As a result of her resurrection in Supergirl #50, she is said to have all the inherent abilities and weaknesses of "Those alien races" which were duplicated by the suit as the result of her return from the dead. While the exact number of alien races whose powers are duplicated by the suit are unknown, Kryptonian powers are among the powerset, as she displayed the ability to use Heat Vision shortly after her recovery by Sam Lane's forces when she was reborn. She confirms that she possesses super hearing when she murders a scientist working for Lane, though she does so with some form of energy blast from her hand, a power that is not among the abilities of a Kryptonian. If this statement is accurate, Lucy Lane now shares the inherent weakness to Kryptonite which all Kryptonians possess.

==In other media==
===Television===

Lucy and Lois Lane as depicted in Smallville (top). Jenna Dewan as Lucy Lane in Supergirl.

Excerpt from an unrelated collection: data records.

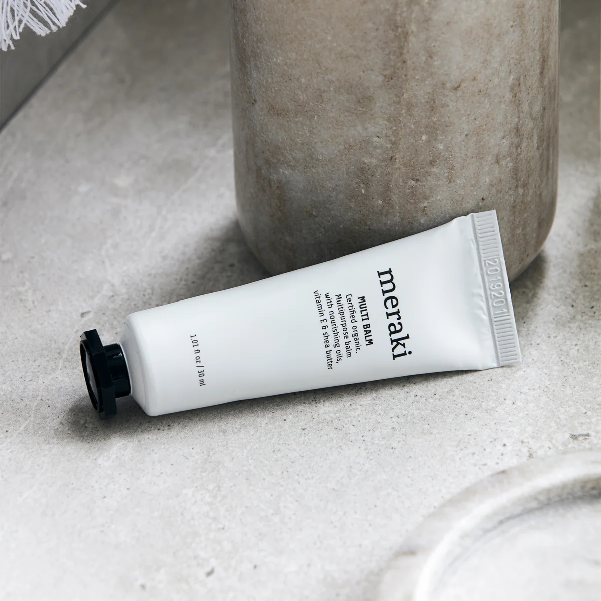 The multi care balm from Meraki offers an intensive moisture boost and rich care for dry or stressed skin. All ingredients are designed to soothe dry and irritated skin and restore the natural moisture balance. Shea butter binds moisture and supports skin elasticity, while almond oil and sunflower oil with vitamins provide additional care.
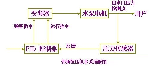 恒壓供水變頻柜是一種新型的節(jié)能供水設(shè)備。變頻恒壓供水設(shè)備系運(yùn)用了微電腦控制技術(shù),可將變頻調(diào)速器與電機(jī)水泵結(jié)合為機(jī)電一體化高效節(jié)能供水裝置。變頻恒壓供水設(shè)備以水泵出水端水壓(或用戶(hù)用水流量)為設(shè)定參數(shù),通過(guò)微機(jī)自動(dòng)控制變頻器(Variable-frequency Drive,VFD)的輸出頻率從而調(diào)節(jié)水泵電機(jī)的轉(zhuǎn)速,實(shí)現(xiàn)用戶(hù)管網(wǎng)水壓的閉環(huán)調(diào)節(jié),使供水系統(tǒng)自動(dòng)恒穩(wěn)于設(shè)定的壓力值:即用水量增加時(shí),頻率提高,水泵轉(zhuǎn)速加快;用水量減少時(shí),頻率降低,水泵轉(zhuǎn)速減慢。這樣就保證了整個(gè)用戶(hù)管網(wǎng)隨時(shí)都有充足的水壓(與用戶(hù)設(shè)定的壓力一致)和水量(隨用戶(hù)的用水情況變化而變化)。
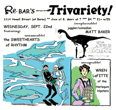 Hosts Simon Astor and Meg van Huygen bring you a night of cabaret and vaudevillian theater at Re-bar tonight at Trivariety at 7pm. What you can expect:
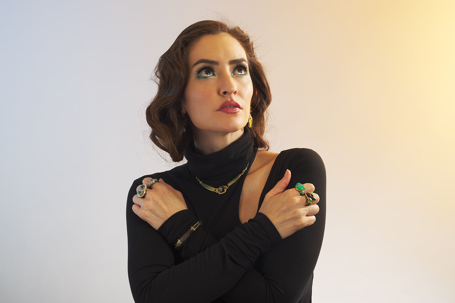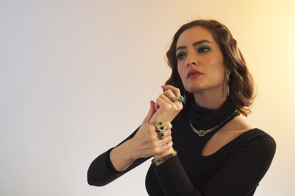 As shown with: Sterling Silver Cuff with Brown Sapphire, Ox Blood Coral Ring in Gold, Black Jade & Sapphire Ring, Chrysoprase & Gem Silica Ring, Umba Valley Sapphire Ring, Psilomelane Ring with Diamonds, Ox Blood Coral Earrings, Royal Imperial Jasper Ring, and Black Jade Cuff with Jasper.
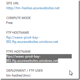 To get the STFP address, I went into Azure’s control panel for the tm-hashes site:
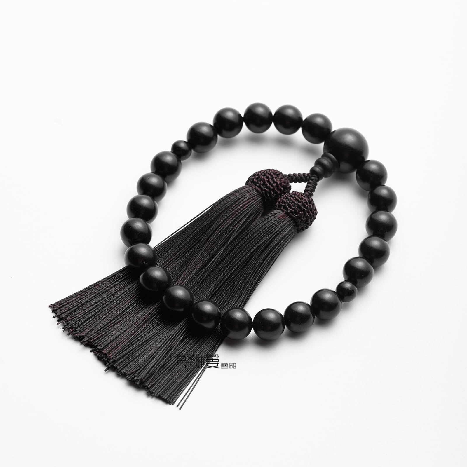 ❥念珠の材料:念珠は全部本場の黒木から作られ、中には18ミリメートルの親珠を1個、12ミリメートルの主珠を22個、また8ミリメートルの天珠を2個含み、共に25個となり、お客様の都合のため、念珠袋(15cm*9.5cm)も付けます。
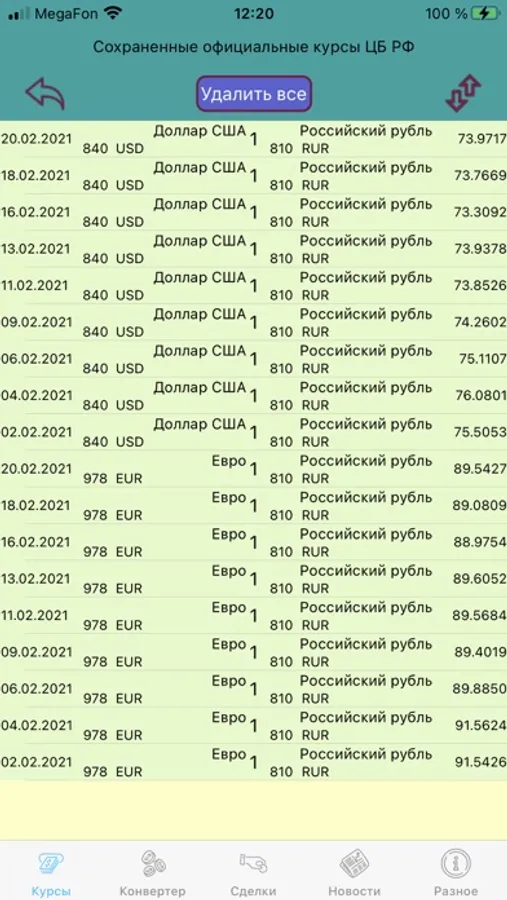 As mentioned above, the application has the ability to view the rates of the Central Bank of the Russian Federation for the selected date and save the currency rates you need in a separate table for ease of use. For example, it is convenient for an accountant to have before his eyes the rate of one or several currencies at once for several days for the most optimal calculation of the exchange rate difference. At the same time, in the Currency Converter, the same opportunity is implemented already with conversion into specific amounts. The most favorable days are immediately visible. All this is stored in the application memory.
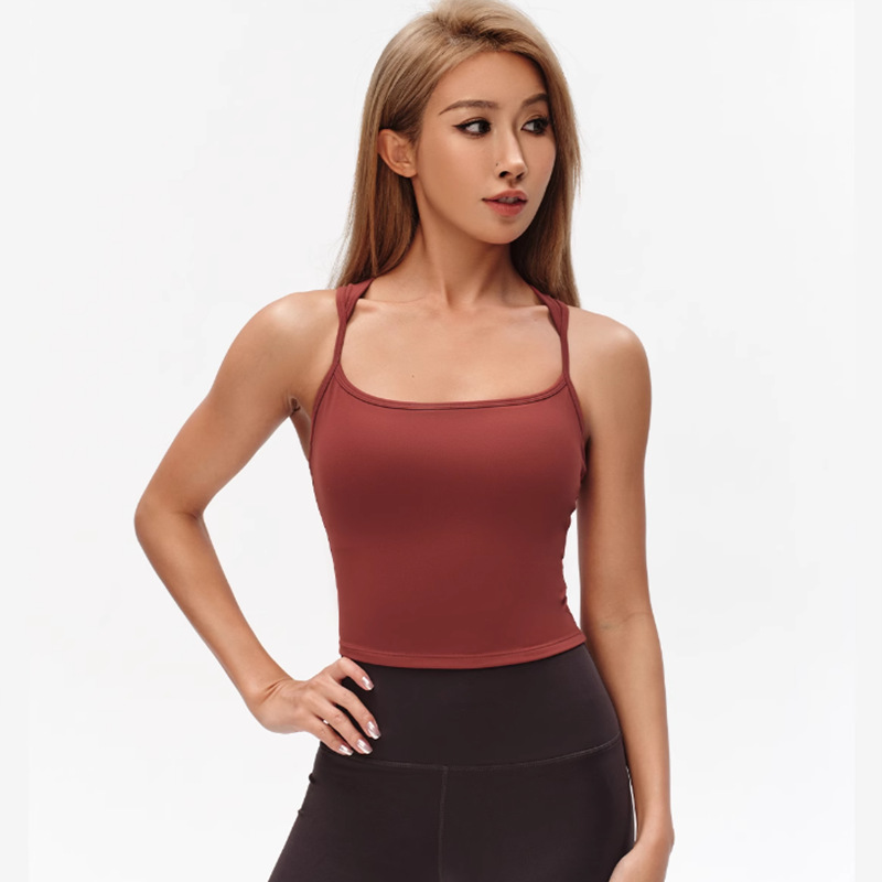 여성용 봄 여름 크로스보더 누드 스포츠 조끼, 통기성, 가슴 패드, 아우터, 요가 I자형, 아름다운 등, 피트니스, 속건성스토어 가기

- A young Lucy Lane appears in the Superman: The Animated Series episode "Monkey Fun", voiced by Aria Curzon.
- Lucy Lane appears in Lois & Clark: The New Adventures of Superman, initially portrayed by Elizabeth Barondes and subsequently by Roxana Zal.
- Lucy Lane appears in Smallville, portrayed by Peyton List. This version is an intelligent femme fatale who speaks different languages, is an expert at skiing and violin playing, and had an easier childhood than Lois.
- Lucy Lane appears in Supergirl (2015), portrayed by Jenna Dewan. This version is a major in the United States Army Judge Advocate General's Corps.
- Lucy Lane appears in Superman & Lois, portrayed again by Jenna Dewan. This version is a doppelgänger of the Supergirl incarnation and a member of Ally Alston's Inverse Society cult who is estranged from her family following a near-fatal suicide attempt, having come to see Ally as a surrogate mother figure. After Ally reveals her intentions to merge her Earth with the Inverse Earth, Lucy defects to Superman and makes amends with Lois once Ally is defeated and imprisoned.

===Film===
A teenage Lucy Lane appears in Supergirl (1984), portrayed by Maureen Teefy.